Preventing Injection Attacks (SQLi, XSS & Friends)

A search box that ran DROP TABLE

A user types into your site's search box. Most people search for "running shoes". One person types '; DROP TABLE products;--. A few seconds later, your products table is gone, your store is throwing 500s, and your on-call phone is buzzing. Nobody hacked your server, broke your firewall, or stole a password. They just typed text into a box, and your code ran that text as a database command.

That is injection, and it is the single most common root cause of serious breaches. The mechanism is always the same: your program takes input it does not control and feeds it somewhere that input can become executable, a SQL query, an HTML page, a shell command. The attacker writes the code; your app obediently runs it. The good news is that one mental model defends against the entire family at once.

The principle: data is not code

Treat all input as hostile. Your job is to make sure data stays data, never let it cross the line and become code.

Every injection vulnerability is the same bug wearing different clothes. Somewhere, your code builds a string that is part structure (the query, the markup, the command) and part untrusted value (what the user typed). When those two are concatenated into one blob and handed to an interpreter, the interpreter has no way to tell where your intent ends and the attacker's begins. A stray quote, angle bracket, or semicolon flips the value into structure, and now the user is writing your code.

The fix is not to scrub away every dangerous character.
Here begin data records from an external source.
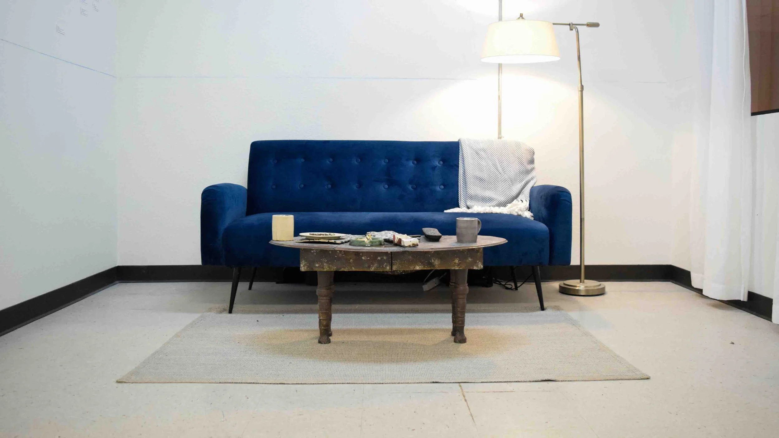 The artist invites viewers to sit on the couch in front of the impacted coffee table; a familiar space heavily impacted by flood. What’s on your coffee table at home? What could be saved if the floods came? What would you lose?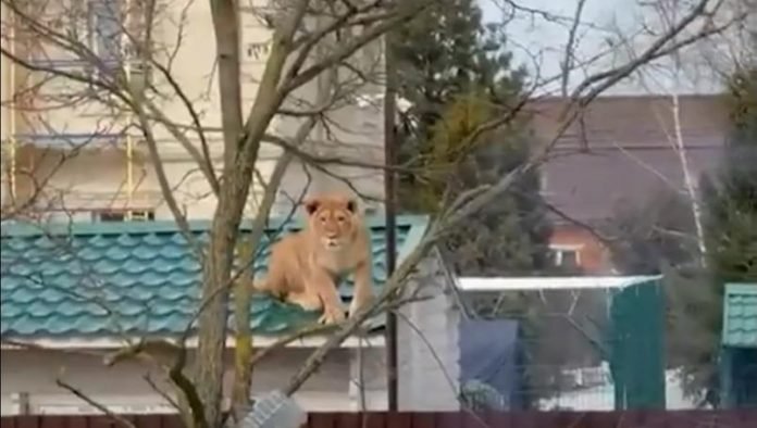 Ciudad de México.- Un león fue captado sobre el tejado de una casa ubicada en el pueblo de Kózino, Rusia, el pasado 26 de marzo. El video del momento en que los residentes avistan al carnívoro ya se ha hecho viral en YouTube.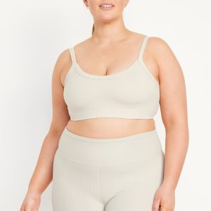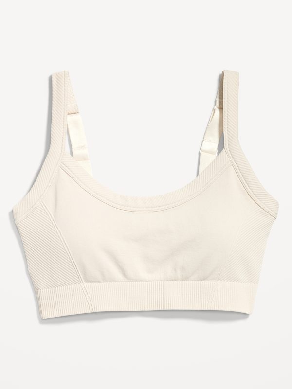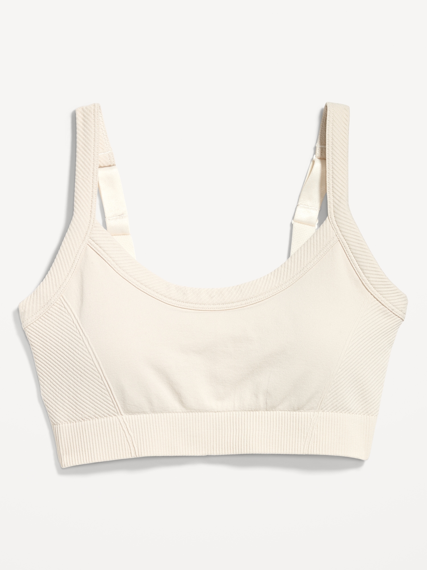Light Support Fluid Seamless Ribbed Sports Bra: Featuring Fluid Seamless, for breathable, barely-there feels.scoop neck, adjustable straps, #845757

The fix is to keep data and code in separate channels so the interpreter never has to guess. That is what parameterized queries, output encoding, and argument arrays all do, different mechanisms, one idea.
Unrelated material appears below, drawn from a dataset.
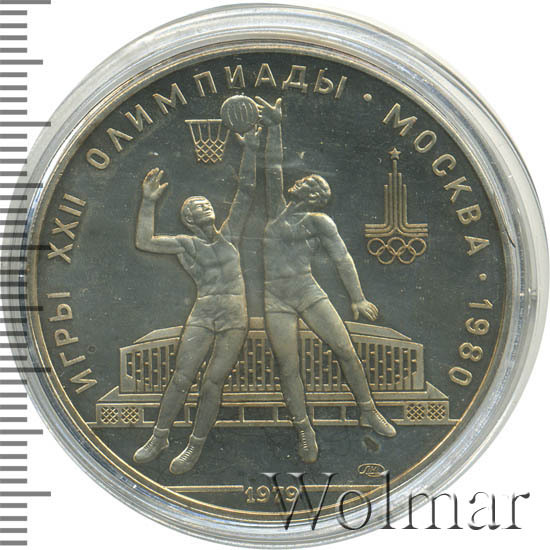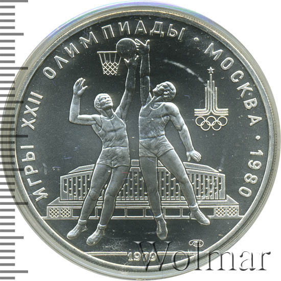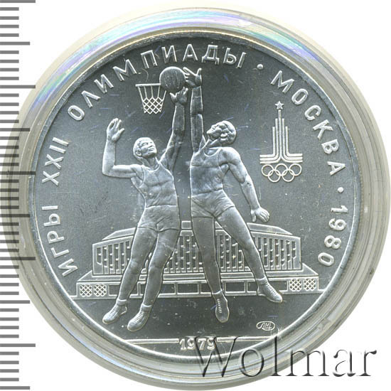 Слева и сверху вдоль канта слова «ИГРЫ XXII ОЛИМПИАДЫ», справа разделенные точкой слово «МОСКВА» и год проведения XXII Олимпиады «1980», в середине два баскетболиста, один атакует, второй защищает баскетбольное кольцо, за ними универсальный спортивный комплекс, где проводились игры по баскетболу, справа сверху эмблема XXII Олимпийских игр, справа снизу монограмма монетного двора «ЛМД», внизу у канта год выпуска монеты «1979».

The picture: input crossing the boundary

Picture untrusted input arriving at a trust boundary, the edge of your system. Everything past that boundary is your code and your data store. The boundary's job is to decide *how* the input is allowed through. Take the safe path and the input is bound, escaped, or rejected; take the unsafe path, string concatenation, and the input flows straight into the interpreter as code.

1. 1

   Input arrives

   A request carries values you did not write, query params, JSON body, headers, cookies. Assume every one is attacker-controlled.

2. 2

   Hit the boundary

   Before the value touches any interpreter, route it through validation and a safe-construction mechanism. This is the only place the decision is made.

3. 3

   Validate the shape

   Check the value is what you expect, an integer ID, an email, one of a fixed set of sort columns. Reject anything that fails (allowlist), don't try to clean it.

4. 4

   Bind, don't build

   Pass the value as a parameter to a prepared statement, or encode it for the exact output context. The interpreter receives structure and data on separate channels.

5. 5

   Execute safely

   The query runs with the input as a literal value; the page renders it as visible text; the command treats it as a single argument. Data never became code.
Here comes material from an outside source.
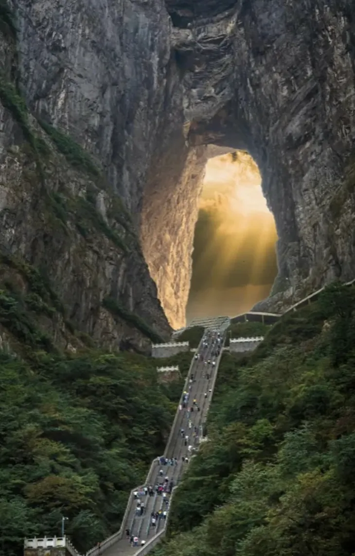 【天门洞开】攀登999级天梯,登上罕见的高海拔穿山溶洞,祈福平安。天门洞如神话般矗立,震撼人心!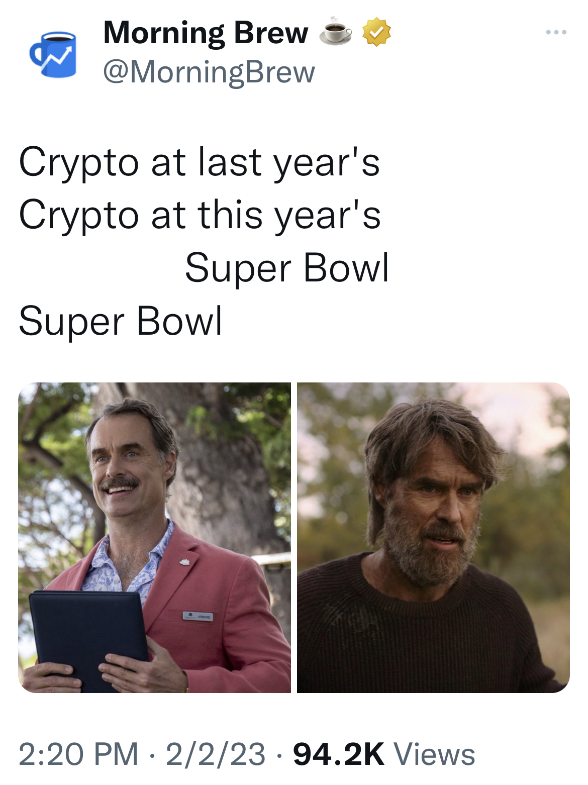 来源: @MorningBrew](https://twitter.com/MorningBrew/status/1621226948847603713)所以今年,又回到了啤酒和卡车广告;加密公司预计在这个星期天的电视上将像汤姆·布雷迪一样引人注目地缺席。事实证明,有时候幸运更青睐怀疑和风险规避者。但幻想,似乎总是在等待中。

The injection family at a glance

Three interpreters, three contexts, one bug. Notice that the fix column is the same idea each time, separate the data channel from the code channel, in the language of whatever interpreter you are talking to.

Code: the vulnerable query and the fix

Here is the classic SQLi bug. The input is glued into the query string, so a crafted value rewrites the query. The infamous ' OR '1'='1 turns a login check into "return every row," and '; DROP TABLE ...;-- runs a second statement entirely.

# DANGER: input is concatenated straight into SQL
def find_user(username):
    query = "SELECT * FROM users WHERE username = '" + username + "'"
    return db.execute(query)

# Attacker sends:  username = "' OR '1'='1"
# Resulting query: SELECT * FROM users WHERE username = '' OR '1'='1'
#   -> matches every row
#
# Attacker sends:  username = "'; DROP TABLE users;--"
# Resulting query: SELECT * FROM users WHERE username = ''; DROP TABLE users;--'
#   -> runs a second, destructive statement

The fix is a parameterized query. The ? (or %s, or $1, driver-dependent) is a placeholder. You hand the driver the query *and* the values as two separate arguments. The driver sends the SQL structure and the data over different channels, so the value is always treated as a literal, even if it contains quotes, semicolons, or whole SQL statements.

# SAFE: query structure and values travel separately
def find_user(username):
    query = "SELECT * FROM users WHERE username = ?"
    return db.execute(query, (username,))   # username is bound as a VALUE

# Attacker sends:  username = "' OR '1'='1"
# The driver looks for a user literally named  ' OR '1'='1
#   -> zero rows. The input never becomes SQL.
#
# Rule of thumb: if you are using string concatenation, +, f-strings,
# or .format() to build SQL, you have a bug. Always parameterize.

XSS is the same mistake in the browser. If you drop user input into the page as markup, a <script> payload executes in your visitors' sessions. The fix is context-aware output encoding: encode the value for the exact place it lands. The simplest version, assign to textContent (or let a framework escape by default) so the value renders as visible text, never as HTML.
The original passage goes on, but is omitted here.